Read Landfalls Online

Authors: Naomi J. Williams

Landfalls (20 page)

I was tired of them all, so I wandered away from the fire. There is a rock I like, up the hill behind our summer village. You can look at the whole world from there. Standing high on the rock, I could see the fog over the ocean like a rolling plain of snow, lit from above by the sun. The Snow Men had come out of that fog, and I wished they would go back into it. The bay was purple below me. What was Kah Lituya doing down there? How could he not notice when the Snow Men came with their giant canoes? Why would he take one of our canoes and not theirs? Maybe it is not true about the bears, I thought. Or maybe the Snow Men's canoes are too big. Maybe Kah Lituya and his bears are afraid of the Snow Men.
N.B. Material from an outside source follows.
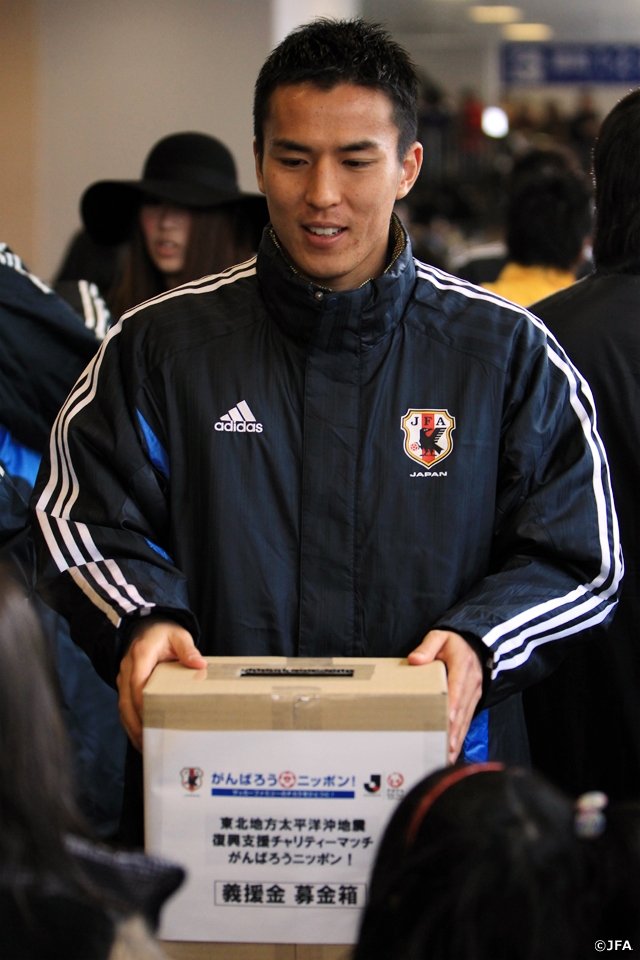 実際に被災した東北や関東と異なり、大阪は計画停電等の影響も小さく、常と変わらない日常のように感じました。それでも、公開した練習に集まったファン・サポーターからは募金活動などを通して、被災地・被災者に対して何か行動したいという強い思いを感じました。その気持ちは、集まった選手やザックさん(アルベルト・ザッケローニ監督)、チームスタッフ、JFAの人たちも同じでした。練習後の募金集めにしても別に誰かが率先したわけではなく、みんなが同じ思いを持っていたから自然に行動に移せた感じでした。このチャリティーマッチから、地震や台風などの被害に遭われた方たちに対して、JFAやJリーグ、Jクラブが試合会場などで募金活動を行い、被災地に届けることに積極的になった気がします。そういう形がここで一つできたのも、意味のあることだと思います。

I heard whistling behind me, and I spun around so fast I hurt my neck. I thought it was my cousin, the dead one, I even saw him for a moment, smaller than he should have been, but with the same straight nose and the eyebrows that came to a slight point over each eye. But it was just my little cousin. I had never really noticed before how much he looked like his brother. The setting sun made his skin look better. Did I scare you? he said. I wish you would stop following me, I told him. He climbed up onto the rock. We are supposed to marry, you know, he said, panting. So? I said. So maybe we should— he began. Should what? I said. I don't know, he said, Never mind. I scrambled down the rock and headed home. Wait for me, my cousin said, you are too fast. I never asked you to come along, I said. His wheezing grew fainter and fainter behind me as I walked, and when I heard nothing, I got worried, so I stopped and waited till I could hear him again before moving on, and that was how we got home that night, with me always ahead of him but making sure I could hear.

The next morning Kah Lituya took two of the Snow Men's canoes. I saw it.

Their giant canoes had many smaller canoes inside, all different sizes, some with oars and some with wings and some with both. That morning three of their canoes came out to our side of the bay—two of them big enough for ten men each, and a smaller one that fit six or seven. They looked like they were fishing, dropping strings in the water, and we all laughed and said, What are they doing? They will not catch anything like that. But then the canoes started running, running on the water, running toward the ocean, and we all stopped laughing, and someone said, Kah Lituya. One of the larger canoes turned and turned in the water, huge waves filling it and soaking the men, and then we saw the other big canoe rowing to help them, and Kah Lituya caught it too. Only the smaller canoe got away. Even from the hill we heard the Snow Men screaming, but only for a moment because the water swallowed them so fast. And then our men—my brothers, my father, my uncles—raced to their own canoes, to go to the two giant canoes by the island, the floating villages, to tell the Snow Men what they saw.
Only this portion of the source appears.